TASK ITEM ▸
All lines in the records below from the line with "第一次用它擦客厅近6㎡的窗户" through the line with "Mẫu vector này" are to be given again exactly, both ends included; the pictures are to be left out.

RAW DATA ▸
▬▬▬
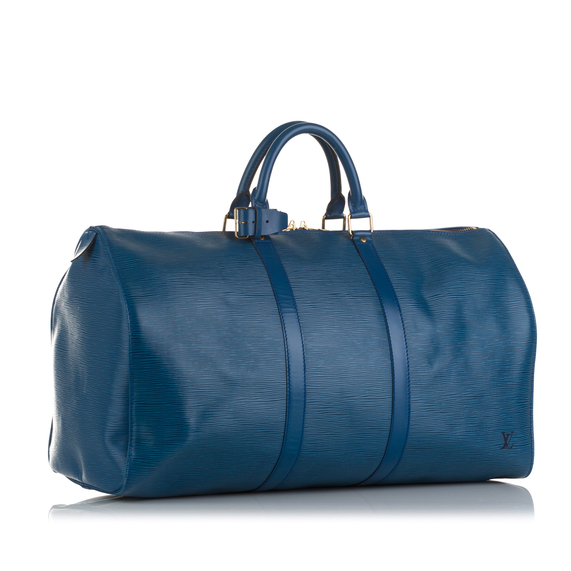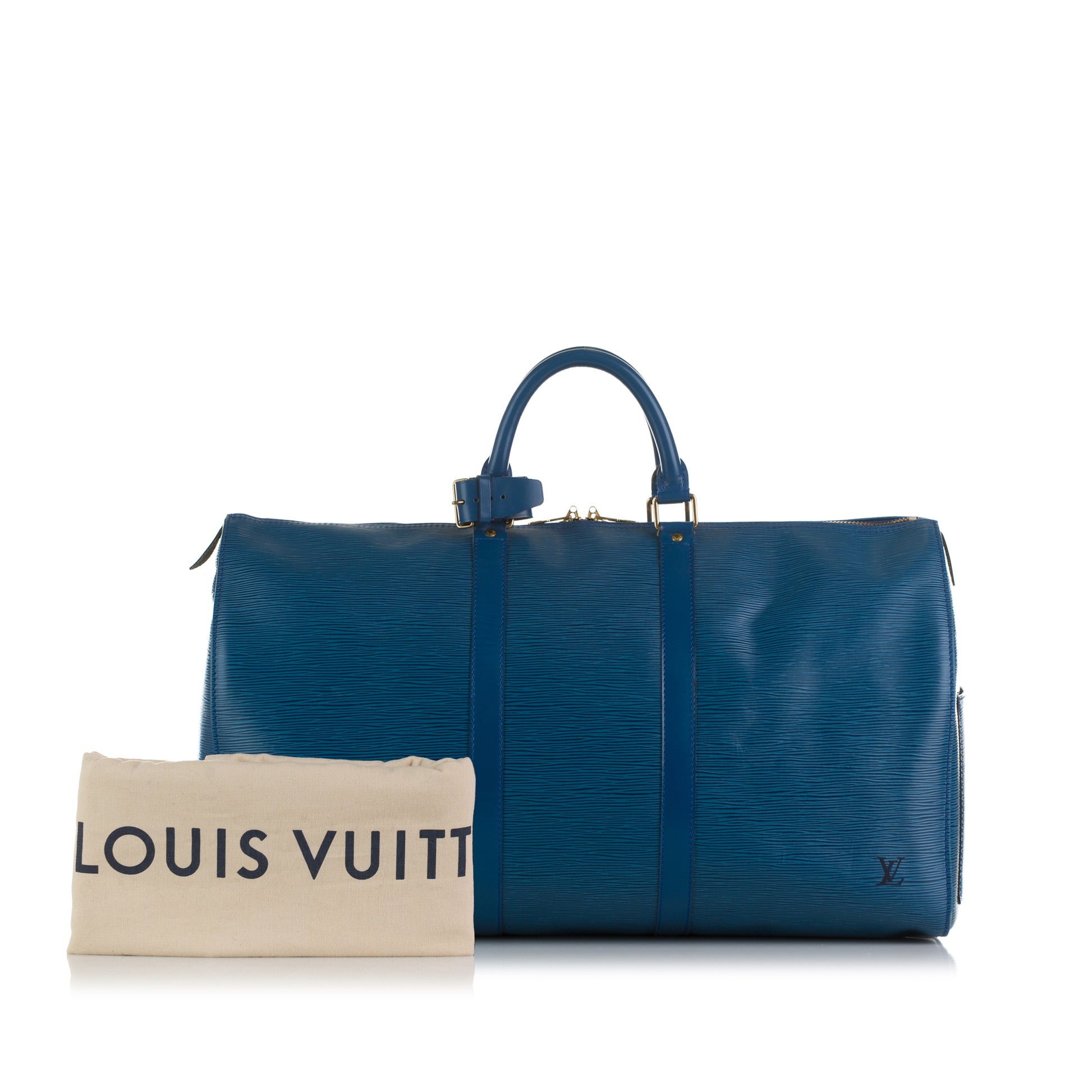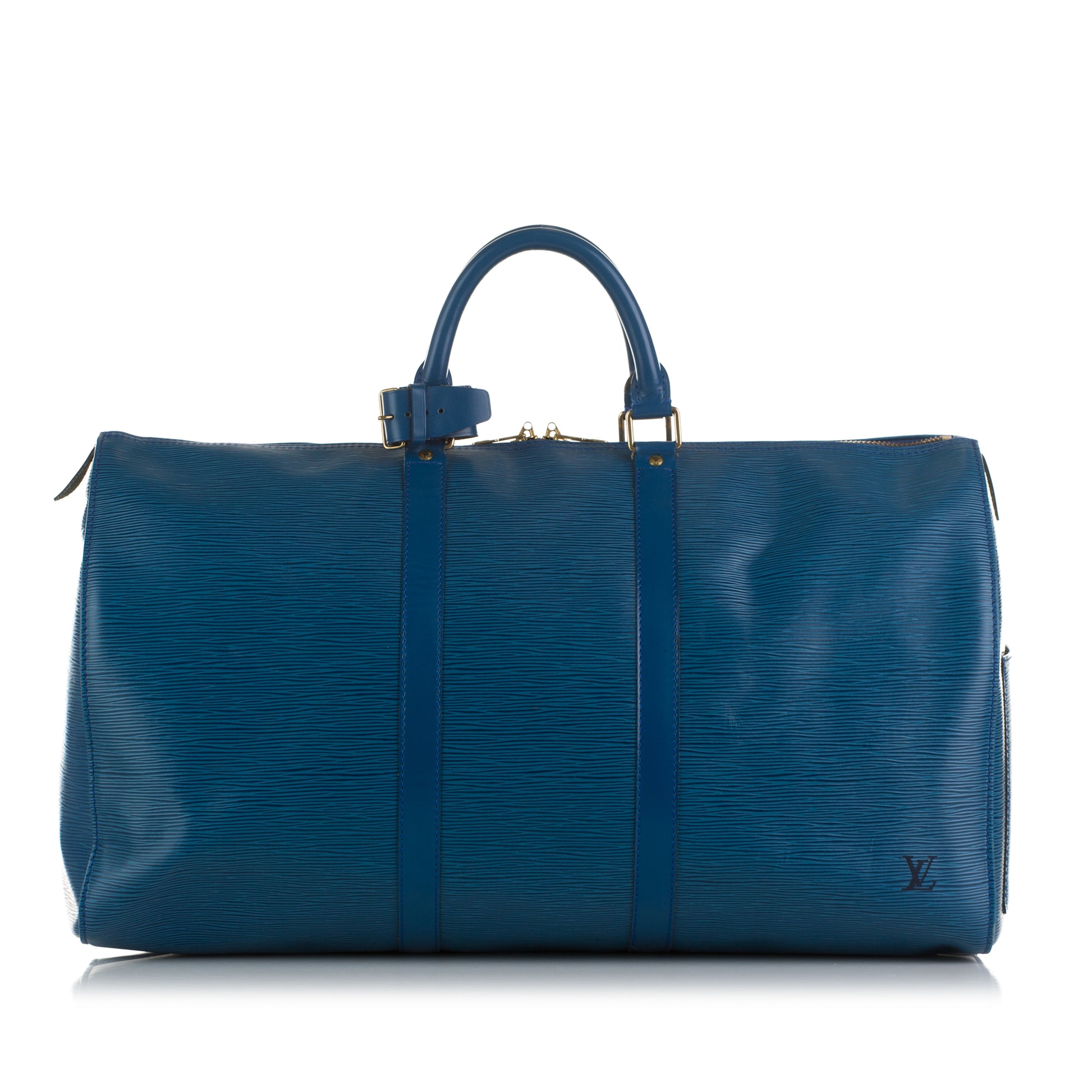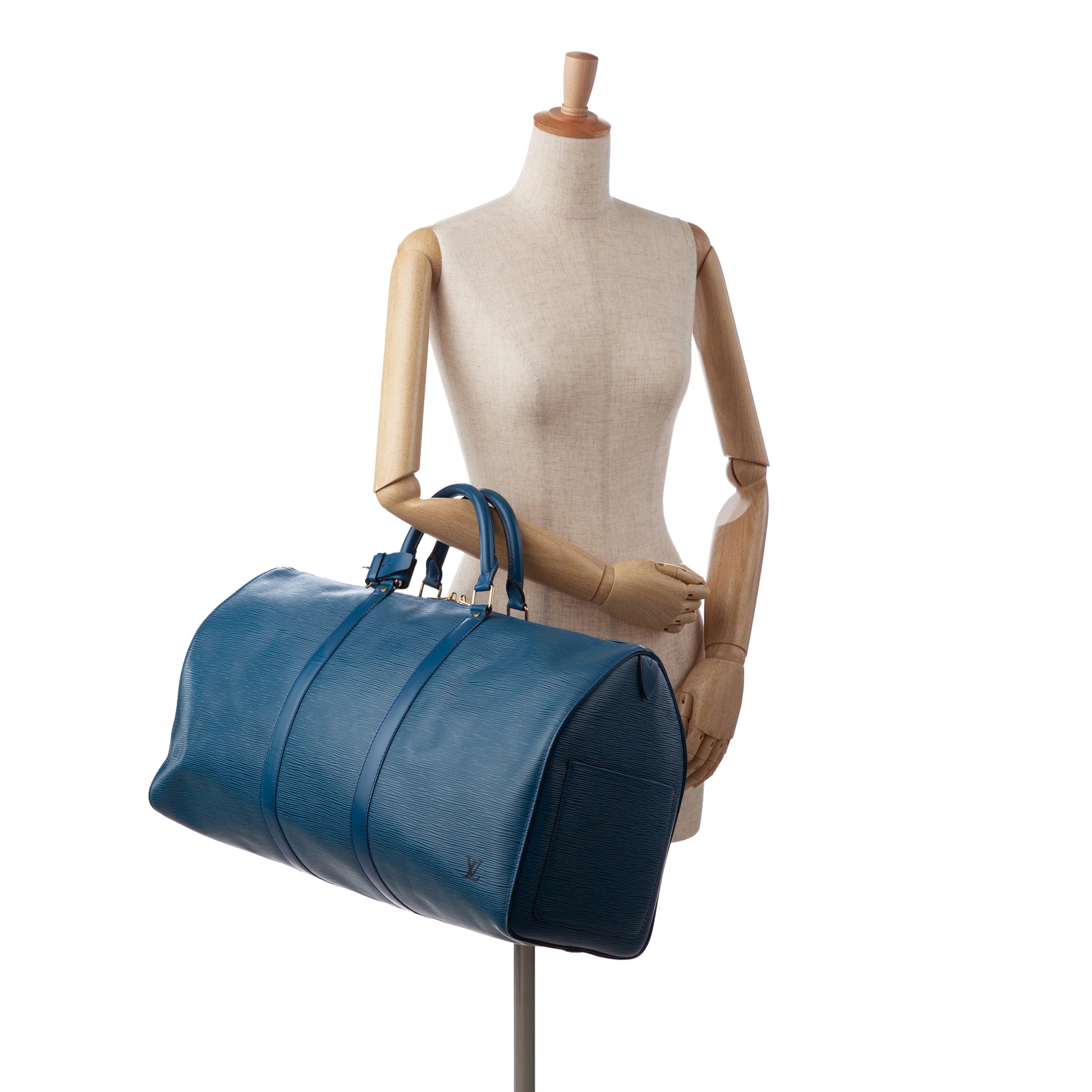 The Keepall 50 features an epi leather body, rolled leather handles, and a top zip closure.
▬▬▬
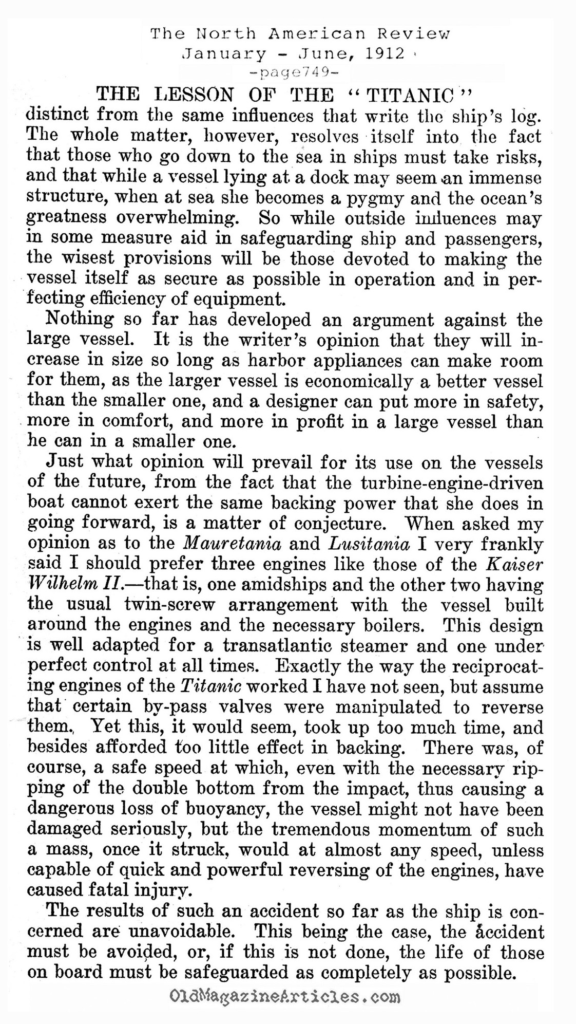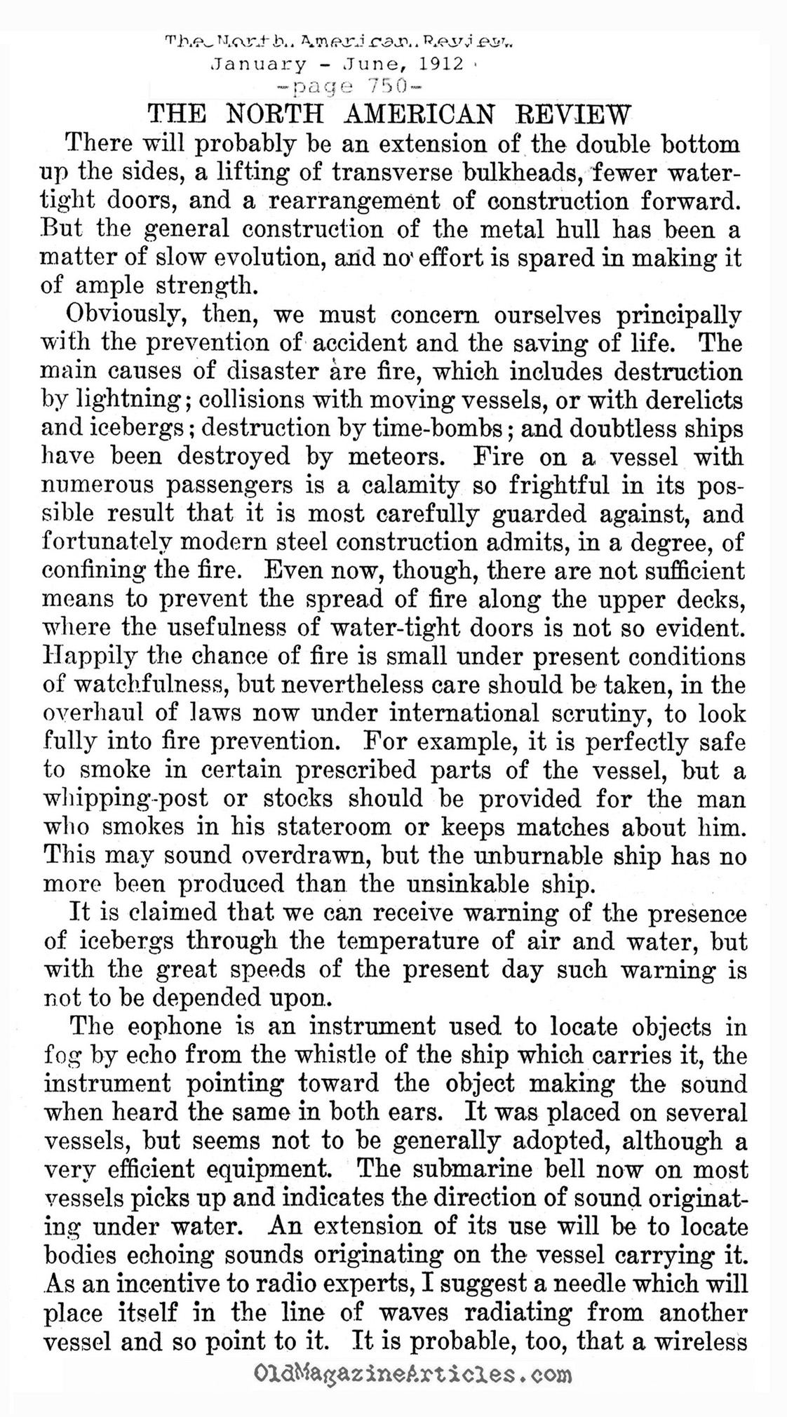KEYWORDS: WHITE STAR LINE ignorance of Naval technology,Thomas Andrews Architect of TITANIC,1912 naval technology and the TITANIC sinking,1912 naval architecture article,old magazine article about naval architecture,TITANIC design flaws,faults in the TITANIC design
▬▬▬
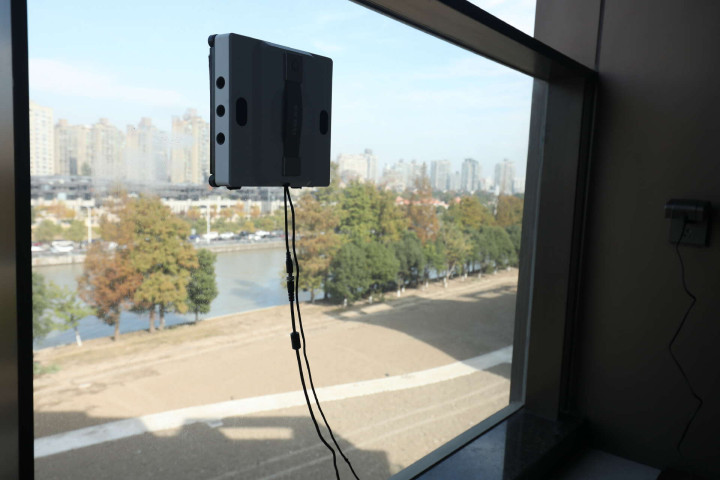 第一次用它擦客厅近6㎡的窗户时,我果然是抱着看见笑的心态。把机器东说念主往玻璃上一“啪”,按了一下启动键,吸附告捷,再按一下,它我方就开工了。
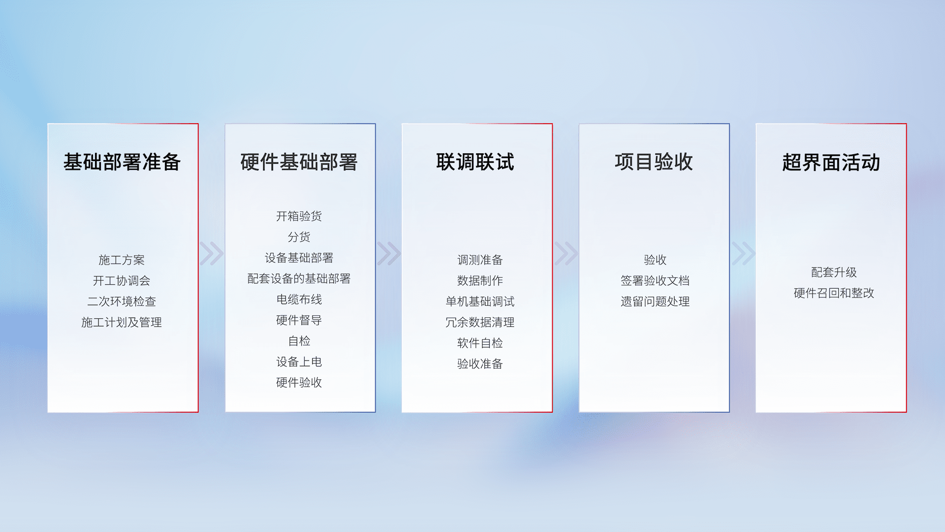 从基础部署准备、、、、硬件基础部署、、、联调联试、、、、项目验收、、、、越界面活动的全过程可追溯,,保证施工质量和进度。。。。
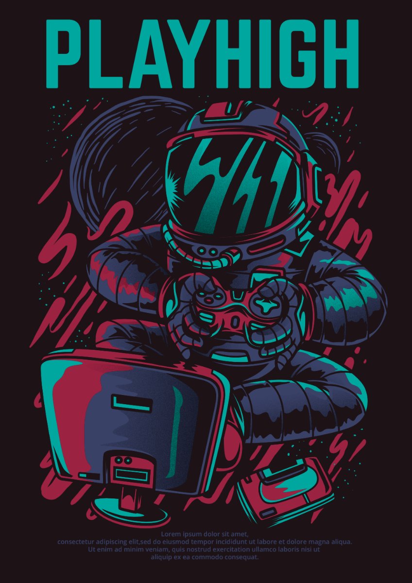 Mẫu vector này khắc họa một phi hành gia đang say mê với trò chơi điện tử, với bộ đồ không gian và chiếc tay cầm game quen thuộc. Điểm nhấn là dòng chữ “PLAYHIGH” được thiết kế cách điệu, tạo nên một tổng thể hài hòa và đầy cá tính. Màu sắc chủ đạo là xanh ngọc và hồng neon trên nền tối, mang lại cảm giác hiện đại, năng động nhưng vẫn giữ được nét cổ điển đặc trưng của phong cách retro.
▬▬▬
YOUR RESPONSE ▸
 第一次用它擦客厅近6㎡的窗户时,我果然是抱着看见笑的心态。把机器东说念主往玻璃上一“啪”,按了一下启动键,吸附告捷,再按一下,它我方就开工了。
 从基础部署准备、、、、硬件基础部署、、、联调联试、、、、项目验收、、、、越界面活动的全过程可追溯,,保证施工质量和进度。。。。
 Mẫu vector này khắc họa một phi hành gia đang say mê với trò chơi điện tử, với bộ đồ không gian và chiếc tay cầm game quen thuộc. Điểm nhấn là dòng chữ “PLAYHIGH” được thiết kế cách điệu, tạo nên một tổng thể hài hòa và đầy cá tính. Màu sắc chủ đạo là xanh ngọc và hồng neon trên nền tối, mang lại cảm giác hiện đại, năng động nhưng vẫn giữ được nét cổ điển đặc trưng của phong cách retro.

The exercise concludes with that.